Коммуникатор внешне похож на гибрид древней рации с древней же настольной персоналкой. С тем отличием от пращуров, что земными радарами исходящий из коммуникатора сигнал не пеленгуется. Мы надеемся, что проксимскими не пеленгуется тоже, иначе мы умрём раньше срока, а значит — напрасно.
Сигнал генерируется после нажатия кнопки «отправить» на вмонтированной в корпус коммуникатора клавиатуре. Излучается и доставляется абоненту. Перекодируется в убористые буквы на узком, в ленту, экране монитора и исчезает бесследно.

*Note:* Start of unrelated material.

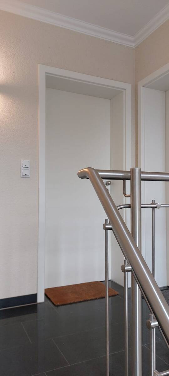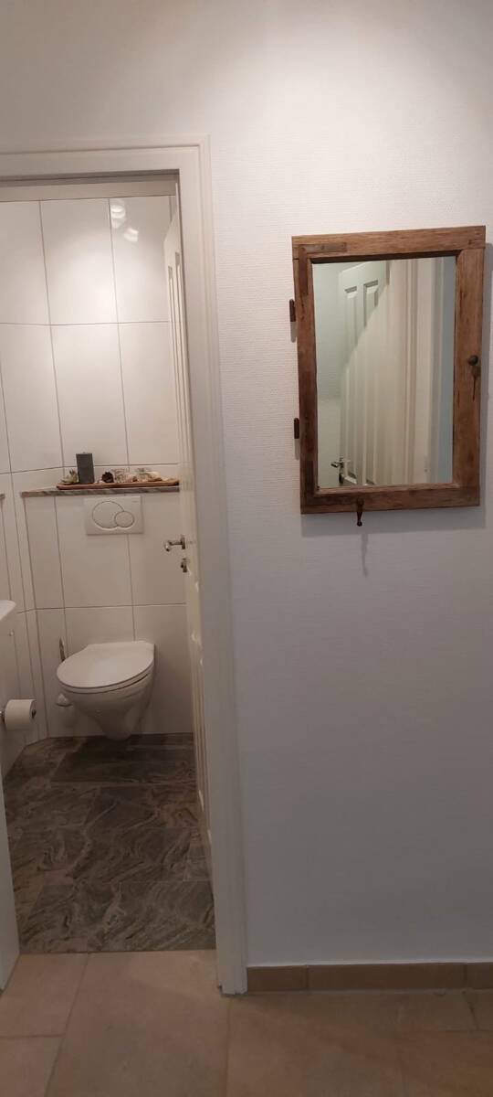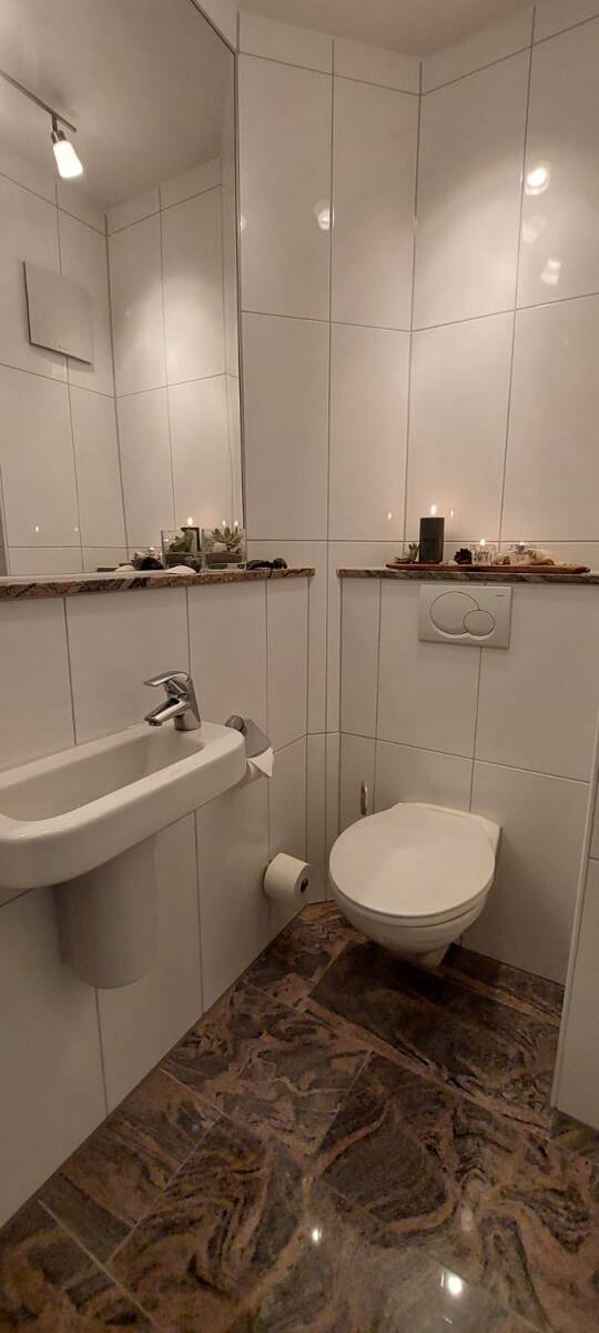 Die Maisonette Wohnung befindet sich in der zweiten Etage. Man betritt zuerst den hellen Flur. Zur linken Seite befindet sich das Gäste-WC, welches hochwertig mit Villeroy und Boch Keramik, Granitboden und Fußbodenheizung ausgestattet ist. Zur rechten Seite ist ein großzügiger Abstellraum, der genug Platz für die Garderobe, Schuhe etc. bietet.

— Как дела, Витас, дружище? — спрашивает Карл.
Я никогда его не видел и не увижу, как и он меня. Однако улыбку на его грубо слепленном, широком добродушном лице я представляю. Так же, как и само лицо — по составленному Карлом словесному портрету.
— Прекрасно, — отвечаю я. — Что с Глорией?
— Боюсь, она…
Мы безуспешно пытаемся пробиться к Глории уже третьи сутки. Каждый из нас четверых, по очереди. Ответа нет. Это означает, что с ней произошло то же, что уже случилось с каждым пятым из стартовавших с Земли восемь лет назад добровольцев. Глория не выдержала. Не перенесла одиночества и обречённости. Она была заместителем Карла, вторым номером в звене. Теперь её обязанности перейдут к Роджеру. Обязанность, впрочем, всего одна — принять командование звеном в случае, если Карл не выдержит.
Через полгода их, не выдержавших, станет гораздо больше. Возможно, половина из десяти тысяч стартовавших. А значит, половина носителей в день «Х» боевой маневр совершить не сможет. Они так и останутся лететь по неизменной траектории, унося в никуда несостоявшихся, мёртвых камикадзе.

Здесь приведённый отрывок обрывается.